Entries taken from a collection
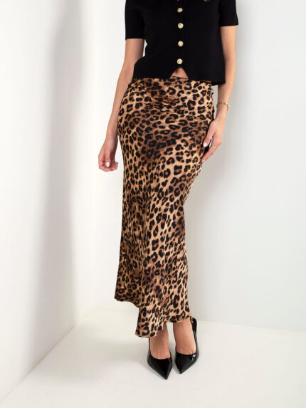 Saia acetinada animal print bege
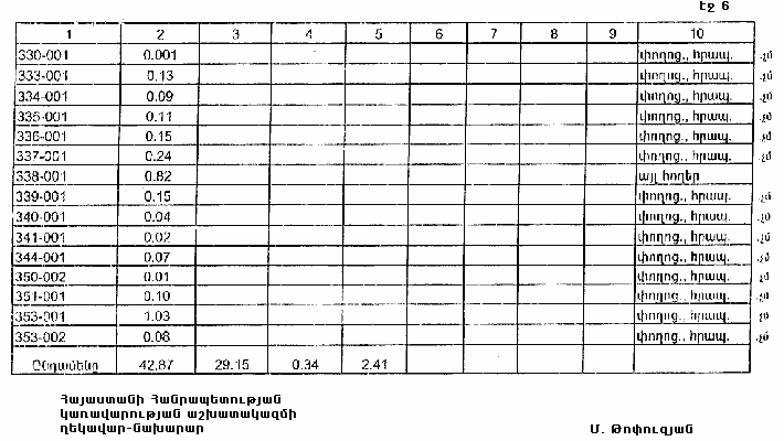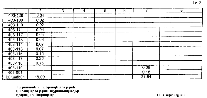 6. Թույլատրել Հայաստանի Հանրապետության կառավարությանն առընթեր անշարժ գույքի կադաստրի պետական կոմիտեի նախագահին Հայաստանի Հանրապետության պետական գեոդեզիական ցանցի հավասարակշռման արդյունքների հիման վրա Հայաստանի Հանրապետության վարչատարածքային միավորների սահմանանիշերի կոորդինատների ժողովածուի հրատարակումից հետո հողային ֆոնդի ընթացիկ հաշվառման ժամանակ Հայաստանի Հանրապետության Տավուշի մարզի Այրումի գյուղական համայնքի հողային հաշվեկշռում սահմանված կարգով կատարել համապատասխան փոփոխություններ:
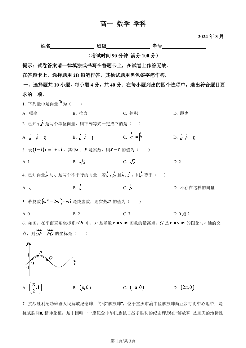 北京市第八十中学2023—2024学年高一下学期3月月考数学(原卷版)
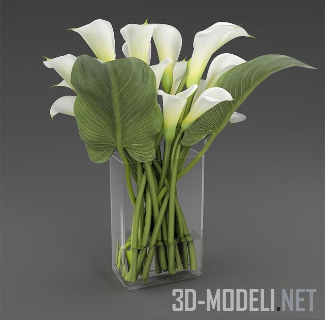 Реалистично выполненная трехмерная модель букета цветов: каллы в вазе из прозрачного стекла.
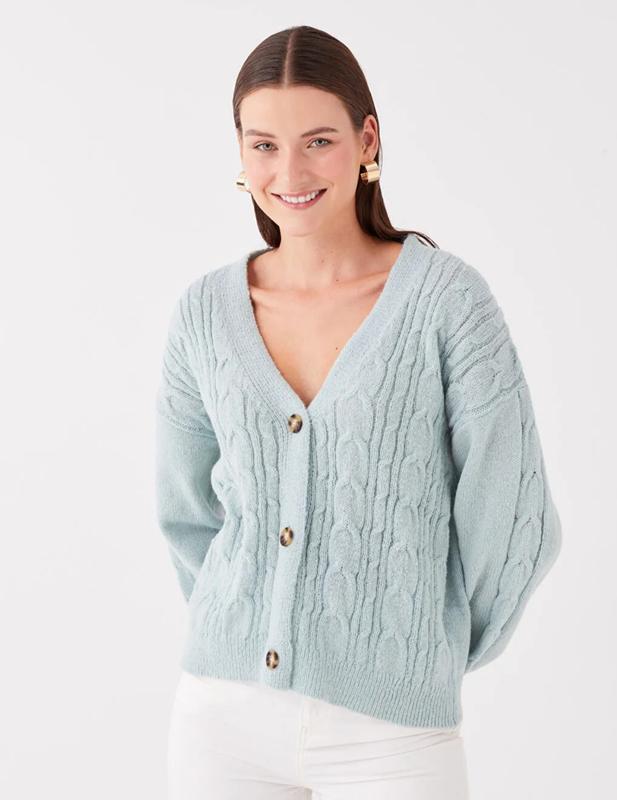 В хорошем состоянии, мягкая и теплая, нежная небесно дымчатый цвет,пуговицы в камушках.За дополнительной информацией обращаться.
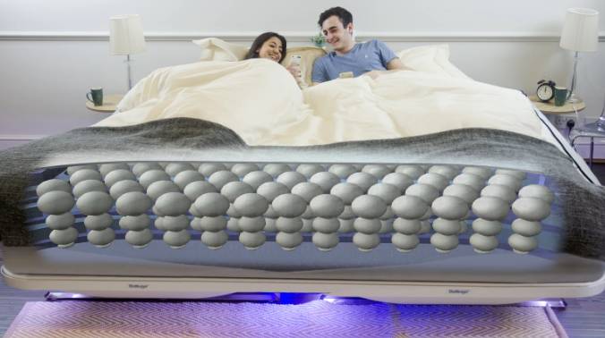 Balluga 非常厚实而且有弹性,排列的小球可以检测到床垫不同区域的压力,自动调节小球的气压,从而达到调节床的软硬度。。

→ **Your objective**
When you reach the line that has "北京市第八十中学2023—2024学年高一下学期3月月考数学(原卷版)" in the data above, start repeating lines exactly, and stop after the line that has "В хорошем состоянии, мягкая"; pictures stay out.

→ **Solution to this task**
 北京市第八十中学2023—2024学年高一下学期3月月考数学(原卷版)
 Реалистично выполненная трехмерная модель букета цветов: каллы в вазе из прозрачного стекла.
 В хорошем состоянии, мягкая и теплая, нежная небесно дымчатый цвет,пуговицы в камушках.За дополнительной информацией обращаться.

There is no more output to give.